My husband had disappeared from our village apartment. He’d only gone to check the washing. Minutes turned into hours and I went in search of him.
I peeped into the courtyard out the back. The square was empty in the fierce afternoon heat. The tiny pekara, the bakery was deserted too, as was the café next to it. I wandered downstairs to the basement corridor where the washing machine was. Not there either. I descended the last steps to the seafront. In front of me, the Mali Ston Bay stretched out to the Pelješac Peninsula, where grey-green olive trees and pines covered the hillside. I scanned the seafront promenade and the shore: He was nowhere to be seen.
Back inside, I returned to the washing machine. Iva the landlord’s daughter appeared.
“Looking for your husband? He is here.”
I frowned, puzzled. The corridor was empty.
She pushed back a door I hadn’t noticed before. “Come in, come in,” a voice sang out from behind the door. It was Mile, our landlord.

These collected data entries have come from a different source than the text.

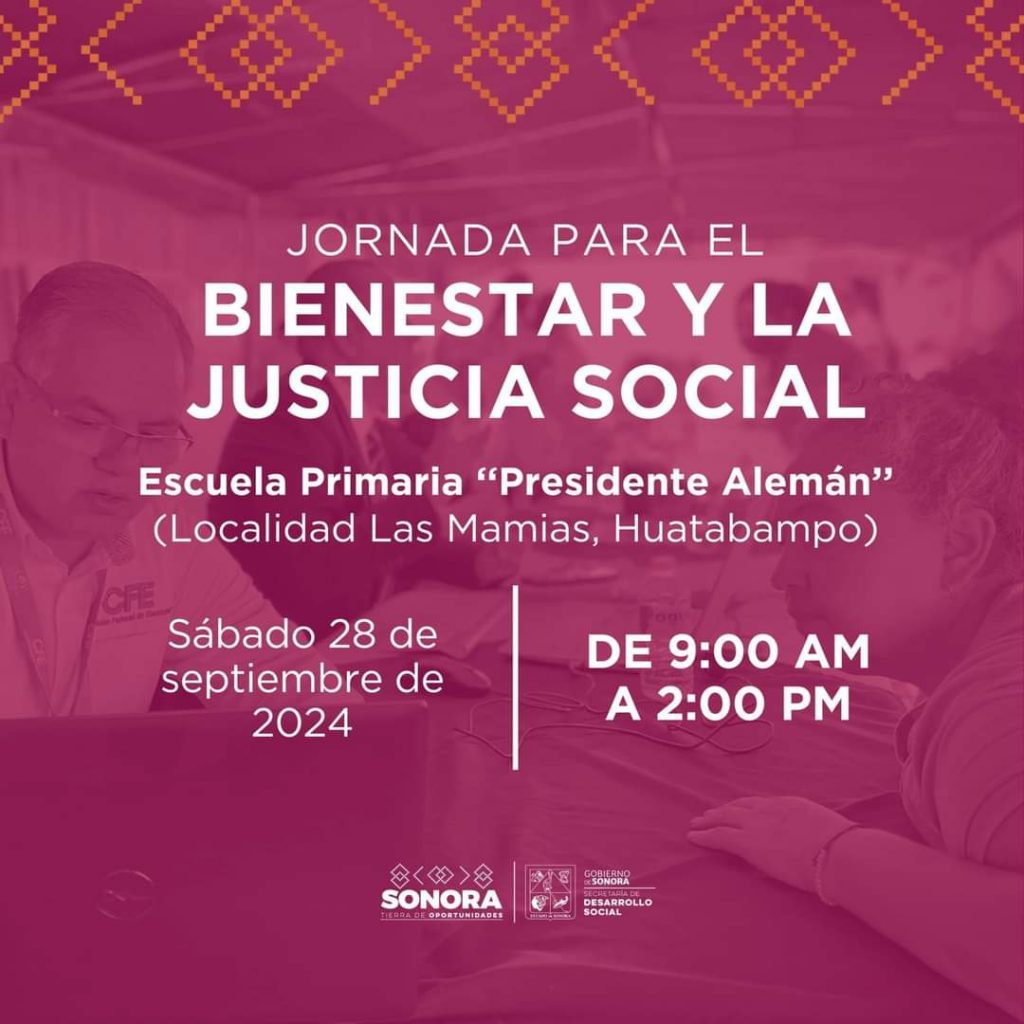 El Gobierno del Estado de Sonora en Coordinación con el Gobierno de Huatabampo Te invitan a la próxima Jornada para el Bienestar y la Justicia Social.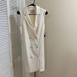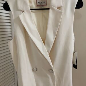 GUESS BLAZER DRESS front button closure Self tie belt A- line silhouette Sleeveless Dry clean
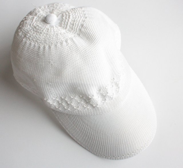 Urocza, ażurowa czapeczka z lekko uciągliwej dzianiny w kolorze białym. Z tyłu regulacja obwodu na rzep. Usztywniany daszek.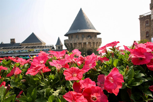 Bên những tòa lâu đài kiến trúc Âu châu cổ kính, những mái vòm cung của thánh đường như cổ tích, một Bà Nà Hills trong khói sương huyền ảo của xứ ngàn mây quyến rũ và tươi mới từng ngày với hàng trăm loài hoa đua sắc.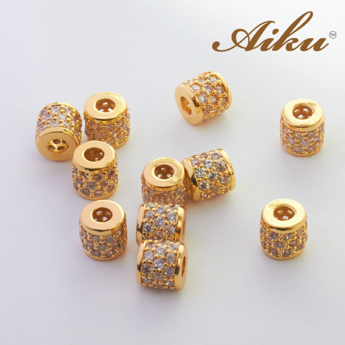 Koralik walec z cyrkoniami złocony 7mm
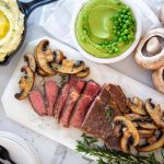 - Sautéed Portabellos, Steak, Coriander Mash & Pea Purée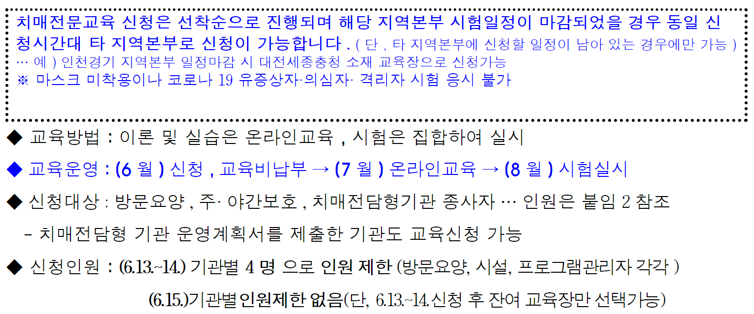 6월 치매전문교육 신청 일정 공고가 떴다. 올해 총 7차수의 치매전문교육 중 4차수 일정에 대한 신청 및 교육 일정에 대한 공고이다. 치매전문교육은 방문요양 , 주· 야간보호 , 치매전담형기관 종사자가 받을 수 있으며, 개인이 신청을 할 수는 없다.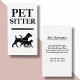 Modelo de cartão de negócios de babá, poderoso e robusto, com sua profissão destacada na frente, em tipografia moderna e ousada, com suas informações de contato mostradas no lado do sacudir. Um design moderno simples com símbolo de cão e gato para um serviço de estimação.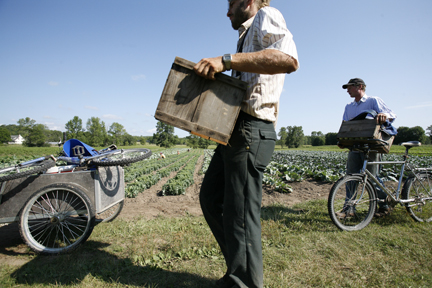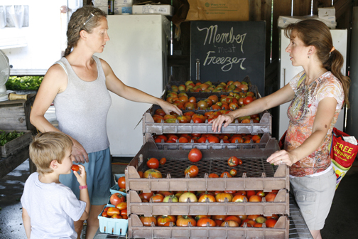 It’s August and tomato season at Essex Farm. On Fridays (“Distribution Day”), members of the community-supported farm can take as much food as they want for the coming week. Members pay one price annually but have no fixed share—and Essex supplies a complete healthy and satisfying diet: beef, chicken, pork, eggs, maple syrup, grains, flours, dried beans, herbs, fruits, and 40 different vegetables. “We get to see what people take, and we can adjust what we’re growing. It’s a self-correcting system,” says Mark Kimball.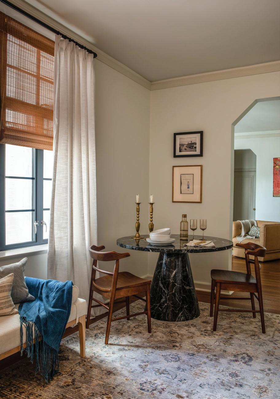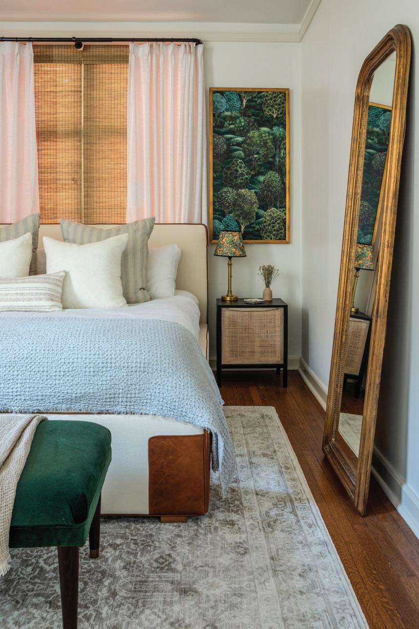 With much of the budget allocated towards more substantial pieces, the interior designer sourced from local vintage shops like Dop Antiques for the entry table and bedroom mirror alongside unexpected places like Home Depot. For window treatments, Hattie saved by pairing woven wood Roman shades with custom drapes from Amazon. She turned to Sunday Shop for cozy accents, bedding, and pillows throughout and repurposed remnants of a Cole & Son wallpaper from another project for new bedroom art. "We had them mounted onto plywood and custom framed. Now they have two beautiful panels that they can take with them when they move out!" The result is a warm and welcoming abode, ready for hosting and plenty of chefapproved meals at home.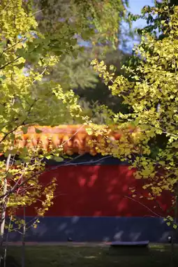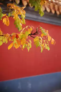 When the bright and brilliant autumn colors meet the red walls and glazed tiles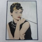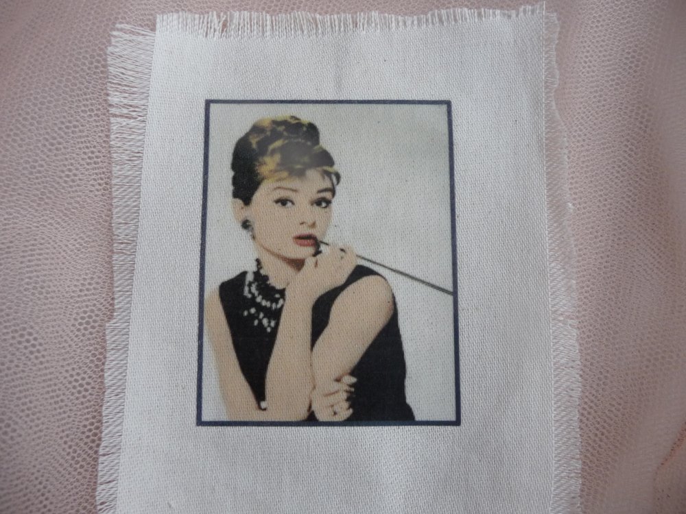 Portrait d'Audrey Hepburn transféré sur tissu coton assez épais couleur écrue

I peered through the gloom and there was Tom in the corner of a storeroom grinning sheepishly, a glass of rakija in his hand.
I took in the arched brick wall lined with dusty bottles and a long bench covered in food amongst an array of strange, unidentifiable Croatian objects.
“Welcome to my place,” Mile said. “My wife, she own the kitchen. Here … all this belong to me. We men must have our place.”
I laughed. “In Britain, men have their garden sheds to escape to.”
“And here,” Mile said, “we men have our basement.”
“Come, come, have a glass of rakija.” He poured a generous glass of his homemade spirit from a large demijohn.
“You must eat some Pršut.” Only then did I notice the pork leg, trotter protruding in the air, jammed in a polished, wooden drying rack.
“I prepare this two years,” Mile told me.
Pršut, (jambon to the Spanish) is cured with Adriatic saltwater; then squeezed on a rack until all the brine is removed. The ham is smoked and left outside to dry in the fierce Bora winds over winter. It is then hung up in dark attics, outbuildings or basements all over Dalmatia to mature.
I took a bite and tasted the winds and seas of the Adriatic Sea, the fustiness of the basement, and the years of loving attention. Mile handed me some crusty bread and cut a slice of cheese.
“ Paski Sir, the best cheese in the world,” he said. “It is from the island of Pag. Eat some.”
The Pag Bora wind dries the millions of tiny seawater droplets that blow in off the sea and scatters the salt dust across the sage-covered island; a flavoursome diet for the island sheep.
I tasted the salty aromatic sheep’s cheese and knocked back another slug of belly-burning Rakiya. British men could keep their garden sheds, I wanted a Croatian basement.